Posted by: Pirate Audra the Winter-White (LBFF) | September 19, 2006 at 04:18 PM
For those not swabbin' the decks, BRAVO be presenting a pirate-worthy fight to the death...
"My name is Indigo Montoya, you kill my father, prepare to die"
Posted by: Machete Yvette Hacke | September 19, 2006 at 04:20 PM
Arrrrrgh
The seas of this blog be calmer than Davy Jones' koi pond.
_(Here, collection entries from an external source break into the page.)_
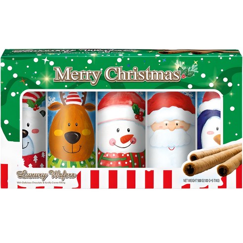 크리스마스 분위기가 물씬 풍기는 캐릭터가 있는 틴 디자인에 웨이퍼 과자가 들어있어요
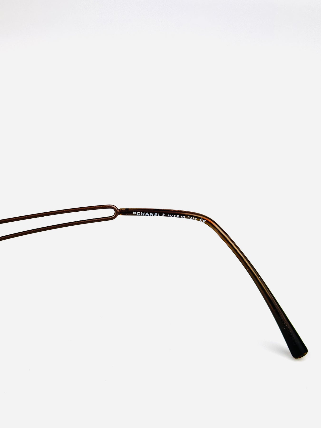 A rare and ultra-elegant Chanel rimless from the early 2000s, the 4068 embodies the sleek minimalism of the Y2K era. Its long, rectangular shield-style lens and ultra-thin wire temples give it a futuristic, floating effect on the face.
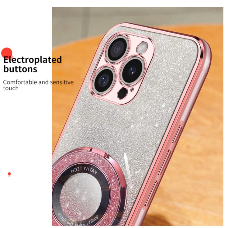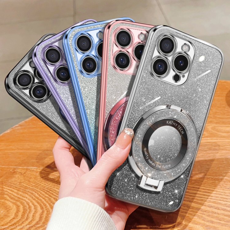 Funda de Teléfono TPU con Soporte Redondo Purpurina Degradada para iPhone 16 Pro (Plateada)
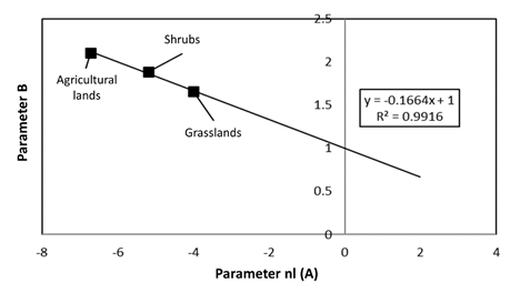 Figure 11 shows the relationship between the parameters of the potential models fitted for the relationship of S to PFCLS for shrubs, grasslands, and agricultural lands which, in a similar way to forests/rainforest, were fitted to a straight line passing through the point (0,1).
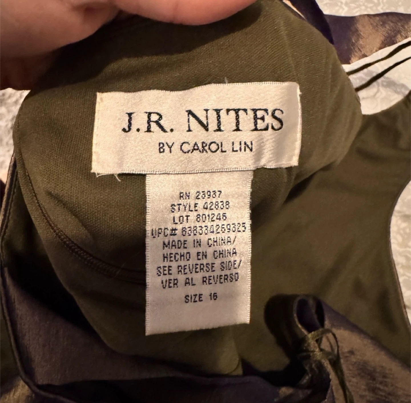 Brand: J.R NITES by Carol Lin Size: 16 Length: 20” including straps Pit-to-Pit: 20” Shoulder Width: 14” Hem Length: 19” Arm Hole Length: 10” Back Zipper: 10” Material: Polyester, Nylon, Spandex Condition: EUC
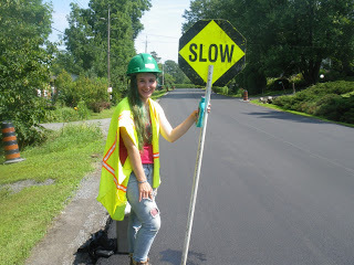 We have learned that the guys with the white hats are the supervisors. My husband has lots of questions for guys in white hats. The men seem to have the ‘fun’ jobs and the young women ‘flagmen’ get the boring job of holding the SLOW and STOP signs and hoping they don’t get flattened in the process. Still, they’ve got pretty good tans and this smiling 'flagman' had long green hair to match her hard hat.
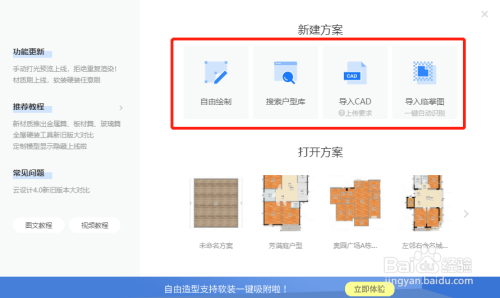 进入设计东西界面,在弹出窗口中有四种新建方案的方式可供选择,即"自由绘制、搜刮户型库、导入CAD文件、导入摹仿图”。
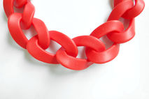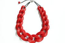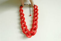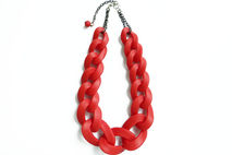 Big chunky chain necklace entirely handmade link by link from polymer clay in bright red, finished with dark antiqued brass chain. Unique yet versatile statement necklace in neutral shade, ideal for color matching with various outfits.

Methinks this be a grand opportunity fer a post regardin me most favorite wench, Paris "Hot Dog Down a Hallway" Hilton, er some other lively fare to spice up this most boring of Tuesdays.
Arrrgh
Posted by: First Mate Harland Cheesepecker (Brian) | September 19, 2006 at 04:20 PM
ARRRRR... some of that rum be a soothe for that what ails me. Thank ye kindly, Cap'n Beerbong.
Avast! Where be th' beer bong?
Posted by: Cap'n William Buttscar (Clean Hands) | September 19, 2006 at 04:21 PM
Yarrrr, Wench Paris be only worthy here as sacrifice to Davy Jones' Locker
Posted by: Machete Yvette Hacke | September 19, 2006 at 04:22 PM
here Brian
Posted by: 24 | September 19, 2006 at 04:25 PM
ARRRR, th' right action, bu' fer th' wrong reasons.
Posted by: Cap'n William Buttscar (Clean Hands) | September 19, 2006 at 04:26 PM
Arrrrr
She's a finer sight than Davey Jones' Marmoset
Posted by: First Mate Harland Cheesepecker (Brian) | September 19, 2006 at 04:30 PM
Aye, would that I were a kinkaju.
Posted by: Cap'n Milton Roughnite | September 19, 2006 at 04:34 PM
And be liftin' a tot ' rum for my (honest to god) illustrious ancestor.